Data excerpts
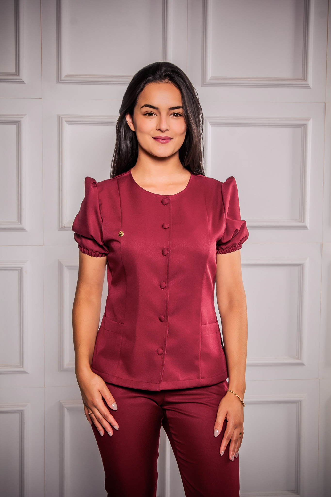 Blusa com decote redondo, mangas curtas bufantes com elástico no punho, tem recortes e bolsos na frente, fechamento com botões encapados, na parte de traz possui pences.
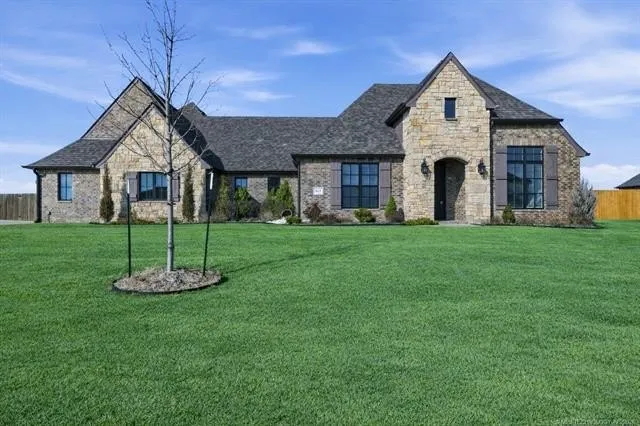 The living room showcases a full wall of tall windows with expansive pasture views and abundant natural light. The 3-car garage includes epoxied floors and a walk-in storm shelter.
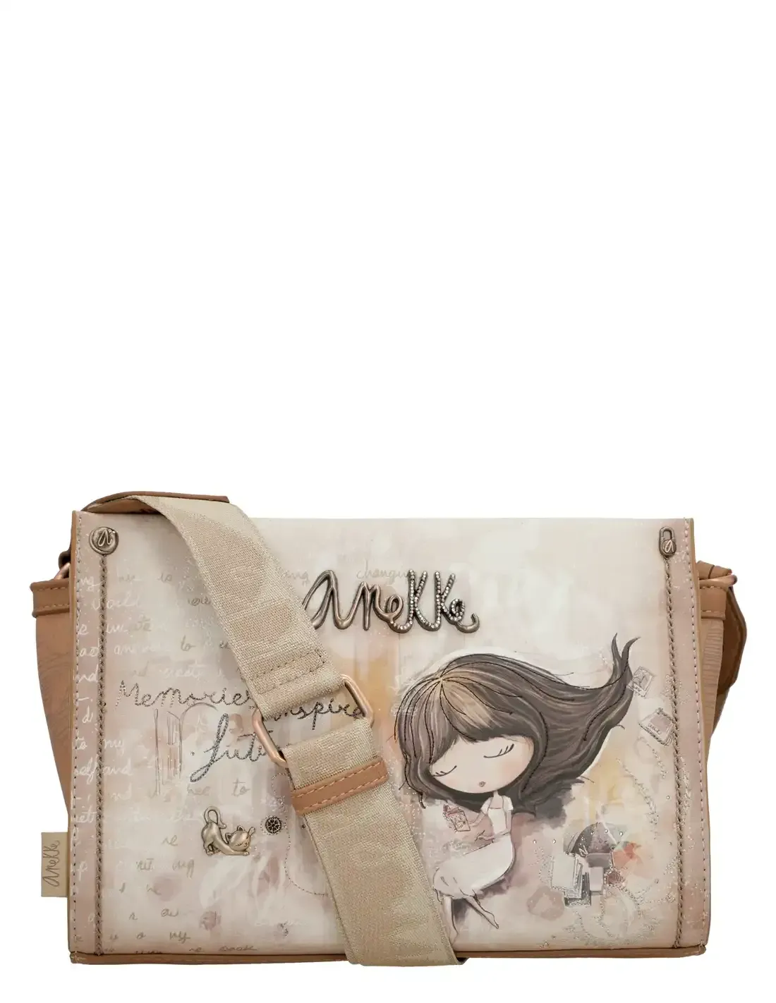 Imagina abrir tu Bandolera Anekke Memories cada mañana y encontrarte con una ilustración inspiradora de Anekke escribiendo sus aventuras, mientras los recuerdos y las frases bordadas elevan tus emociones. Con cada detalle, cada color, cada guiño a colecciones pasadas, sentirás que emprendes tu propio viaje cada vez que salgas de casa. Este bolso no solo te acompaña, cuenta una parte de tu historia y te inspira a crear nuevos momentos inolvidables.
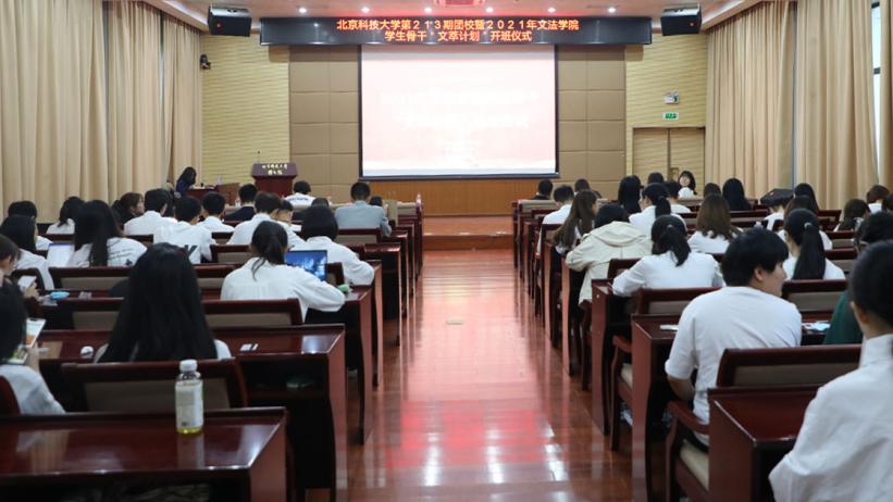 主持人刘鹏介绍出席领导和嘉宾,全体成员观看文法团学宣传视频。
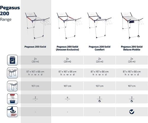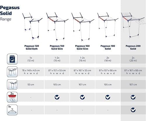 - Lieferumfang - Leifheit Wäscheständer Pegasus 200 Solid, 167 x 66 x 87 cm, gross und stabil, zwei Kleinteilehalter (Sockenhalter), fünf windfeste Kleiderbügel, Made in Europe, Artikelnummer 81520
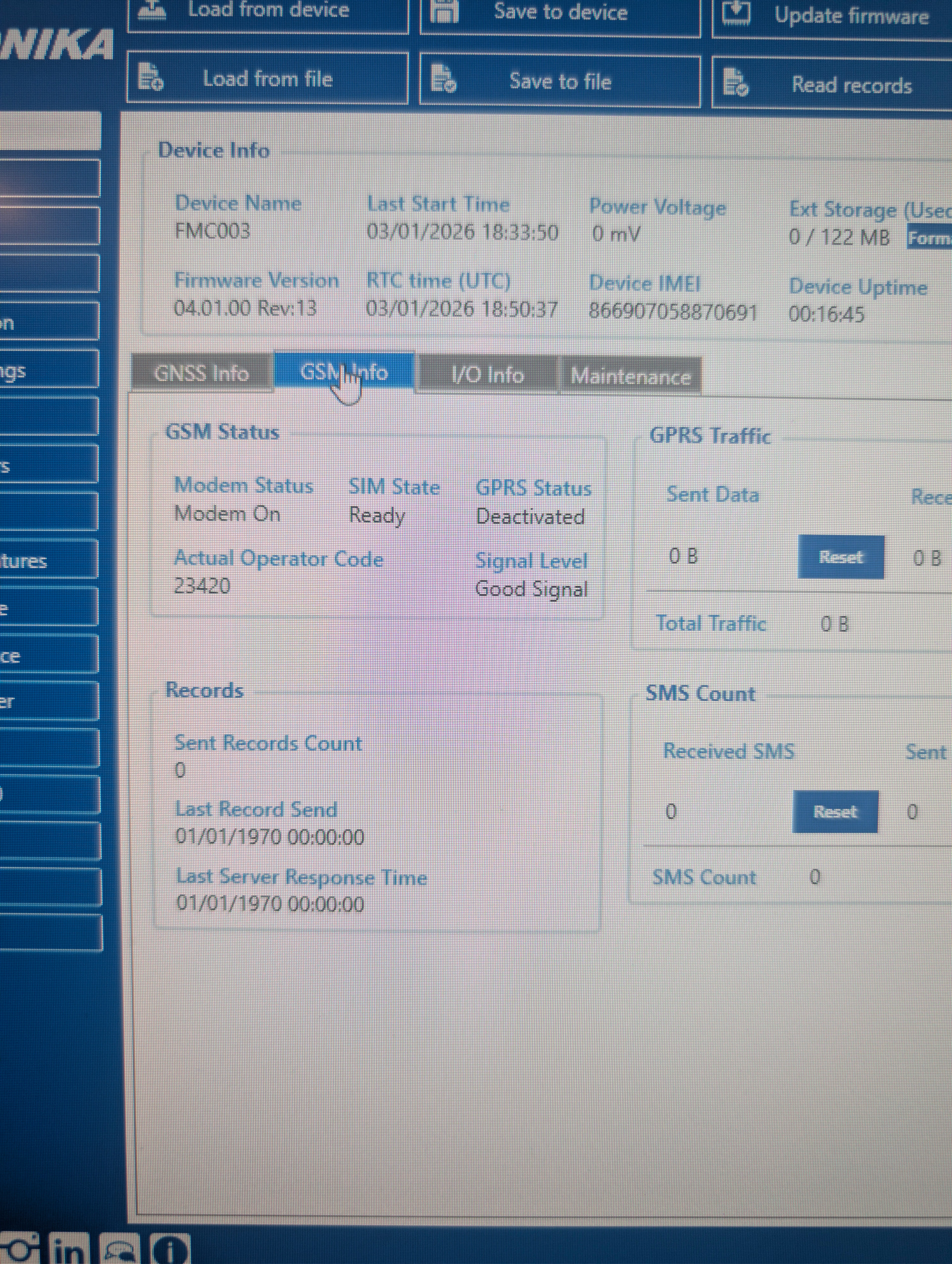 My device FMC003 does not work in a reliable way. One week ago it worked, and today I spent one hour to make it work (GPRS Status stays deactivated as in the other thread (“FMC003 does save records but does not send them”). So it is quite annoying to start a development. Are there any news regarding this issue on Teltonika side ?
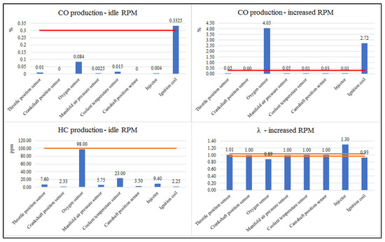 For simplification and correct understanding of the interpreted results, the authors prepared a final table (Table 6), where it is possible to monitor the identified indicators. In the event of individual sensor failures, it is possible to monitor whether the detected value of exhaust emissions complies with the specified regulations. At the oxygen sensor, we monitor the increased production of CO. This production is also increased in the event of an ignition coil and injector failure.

#### [Work instructions]
Only the lines from the one that contains "My device FMC003" to the end of the records, inclusive, are to be quoted exactly, with pictures excluded.

#### [Task output]
 My device FMC003 does not work in a reliable way. One week ago it worked, and today I spent one hour to make it work (GPRS Status stays deactivated as in the other thread (“FMC003 does save records but does not send them”). So it is quite annoying to start a development. Are there any news regarding this issue on Teltonika side ?
 For simplification and correct understanding of the interpreted results, the authors prepared a final table (Table 6), where it is possible to monitor the identified indicators. In the event of individual sensor failures, it is possible to monitor whether the detected value of exhaust emissions complies with the specified regulations. At the oxygen sensor, we monitor the increased production of CO. This production is also increased in the event of an ignition coil and injector failure.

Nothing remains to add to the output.